El fervor nacionalista duró poco. La conocida con el grandilocuente nombre de Guerra de África acabó resumida en la fórmula «Guerra grande, paz chiquita». El triunfo no se materializó en las conquistas que todo el mundo esperaba, pero sirvió para mantener a España a flote en el plano internacional. A cambio, las posesiones españolas se vieron hostigadas, prácticamente sin descanso, por las cabilas marroquíes. En 1893 esos enfrentamientos derivaron en la llamada Guerra de Melilla, una escaramuza que le costó la vida al general Juan García-Margallo, bisabuelo del que fuera ministro de Asuntos Exteriores del Partido Popular.
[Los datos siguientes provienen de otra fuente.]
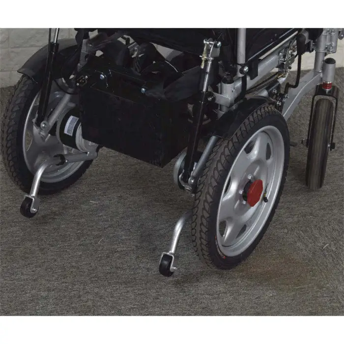 The Luxury Electric Folding Handicapped Wheelchair can support a weight capacity of up to 300 lbs, ensuring it is suitable for a variety of users.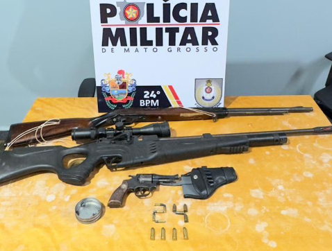 Nesta terça-feira (09), policiais militares do 24º Batalhão impediram um possível feminicídio e apreenderam três armas de fogo em uma residência no bairro Pedra 90, em Cuiabá. A ação ocorreu após o chamado desesperado de uma adolescente, que denunciou as agressões sofridas pela mãe.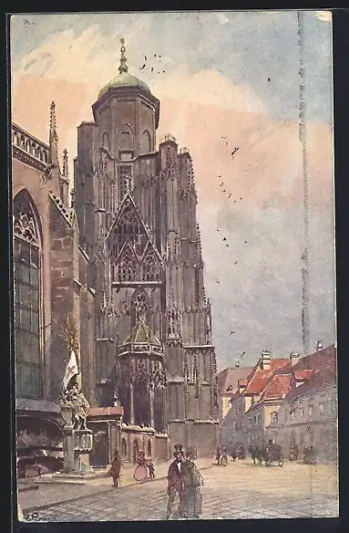 Künstler-AK Rudolf Preuss: Wien, Der unausgebaute Turm der Stephanskirche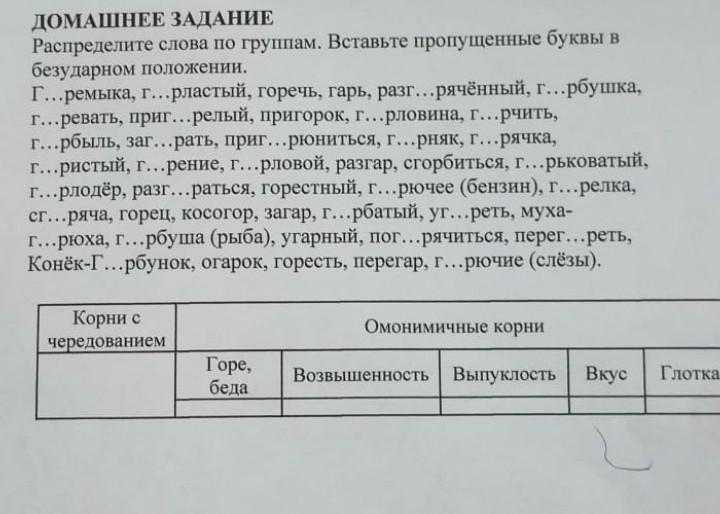 Распределите слова по группам. Вставьте пропущенные буквы в безударном положении. Г...ремыка, г...рластый, горечь, гарь, разг...рячённый, г...рбушка, г...ревать, приг...релый, пригорок, г...рловина, г...рчить, г...рбыль, заг...рать, приг...рюниться, г...рняк, г...рячка, г...ристый, г...рение, г...рловой, разгар, сгорбиться, г...рьковатый, г...рлодëр, разг...раться, горестный, г...рючее (бензин), г...релка, сг...ряча, горец, косогор, загар, г...рбатый, уг...реть, муха- г... рюха, г...рбуша (рыба), угарный, пог...рячиться, перег...реть, Конёк-Г...рбунок, огарок, горесть, перегар, г...рючие (слёзы). Корни с чередованием Горе, беда Омонимичные корни: Возвышенность, Выпуклость, Вкус, Глотка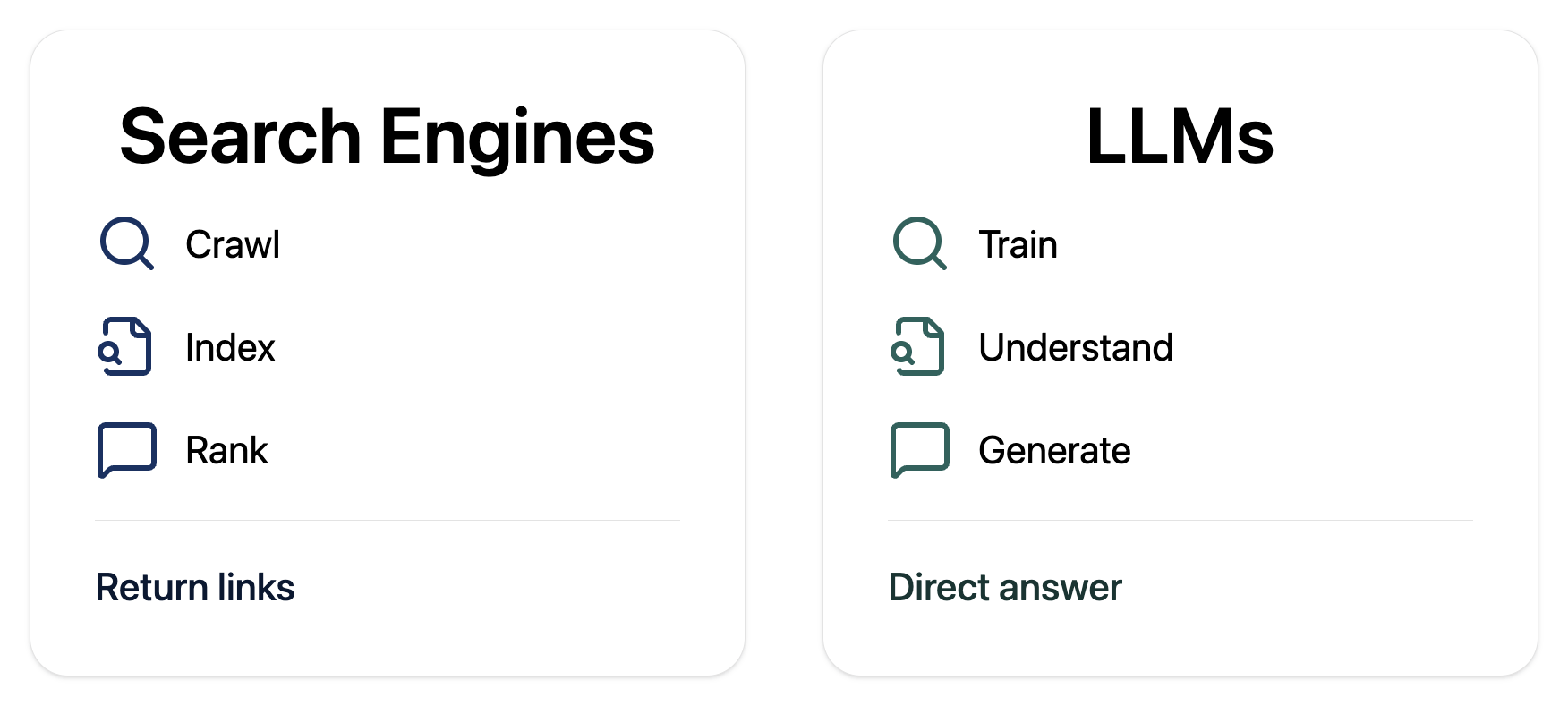 LLMs, on the other hand, are trained on vast amounts of text, everything from websites and books to reviews, forums, and open datasets. Instead of pointing you to links, they generate a direct answer in natural language. This makes them feel more like a trusted advisor than a search directory.

En este conflicto también destacó un joven teniente llamado Miguel Primo de Rivera.
Tras el desastre del 98, los territorios en África fueron creciendo en importancia, hasta tal punto que el propio Alfonso XIII intervino directamente en la cuestión, recibiendo por ello el sobrenombre de El Africano. La frontera sur comenzaba a ser una de las obsesiones, en cuanto a seguridad, de los dirigentes españoles, una fobia que se ha mantenido hasta la actualidad.
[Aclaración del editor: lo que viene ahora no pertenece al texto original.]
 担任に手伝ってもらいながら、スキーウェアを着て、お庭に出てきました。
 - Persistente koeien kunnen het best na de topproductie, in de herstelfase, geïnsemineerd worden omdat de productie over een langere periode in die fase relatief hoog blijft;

Miguel Primo de Rivera fue uno de esos militares que pensaban que España debía renunciar a Marruecos

No obstante, a comienzos del siglo XX el interés por controlar parte de Marruecos se hallaba, por un lado, en que otorgaba cierta capacidad negociadora en el plano internacional, como se pudo apreciar en conferencias como la de Algeciras o Fez, donde Francia y España establecieron sus esferas de influencia sobre Marruecos. Por otro, los recursos económicos eran apetecibles para familias españolas bien posicionadas, incluyendo al propio monarca. Sin embargo, las cabilas armadas hacían necesaria la intervención constante del ejército. Desastres como el de 1909 en el barranco del Lobo o el de Annual en 1921, en los que murieron miles de soldados españoles, generaron un creciente malestar entre la población, reacia a seguir combatiendo.
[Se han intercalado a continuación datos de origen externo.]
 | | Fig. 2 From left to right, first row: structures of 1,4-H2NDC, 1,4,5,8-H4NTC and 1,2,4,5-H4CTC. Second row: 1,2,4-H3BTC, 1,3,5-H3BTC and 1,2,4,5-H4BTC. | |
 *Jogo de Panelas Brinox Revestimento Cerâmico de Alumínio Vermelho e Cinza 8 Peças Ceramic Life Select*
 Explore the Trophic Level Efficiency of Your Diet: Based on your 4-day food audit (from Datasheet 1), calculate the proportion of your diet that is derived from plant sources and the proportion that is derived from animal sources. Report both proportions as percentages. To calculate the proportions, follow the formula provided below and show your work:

Las tesis abandonistas llegaron incluso al ejército, cada vez más dividido entre africanistas y peninsulares, configurando un escenario peligroso y que se mostrará en toda su crudeza en la Guerra Civil. Miguel Primo de Rivera fue uno de esos militares que pensaban que España debía renunciar a Marruecos, pero su ascenso al poder cambió su perspectiva. En 1925, en una operación conjunta con los franceses en Alhucemas, logró derrotar a los rifeños de Abd el Krim, poniendo fin a unos conflictos enquistados desde tiempo atrás.
Firma del tratado de independencia de Ifni

Firma del tratado de independencia de Ifni

Pese a la pacificación, los contingentes militares destinados seguían siendo numerosos. Allí se curtieron las fuerzas mejor entrenadas y experimentadas, tal y como se demostró en la contienda civil de 1936. Bajo el régimen de Franco, el protectorado no causó graves contratiempos hasta 1956. Ese año, Francia reconoció la independencia de su protectorado en Marruecos y España se vio obligada a hacer lo mismo, retirándose a las plazas de Ceuta y Melilla. Desde entonces, y pese a las relaciones cordiales, empañadas por el conflicto en Ifni hasta 1969, o el del Sáhara, aún vigente, el vecino del sur no deja de preocupar a los gobiernos españoles.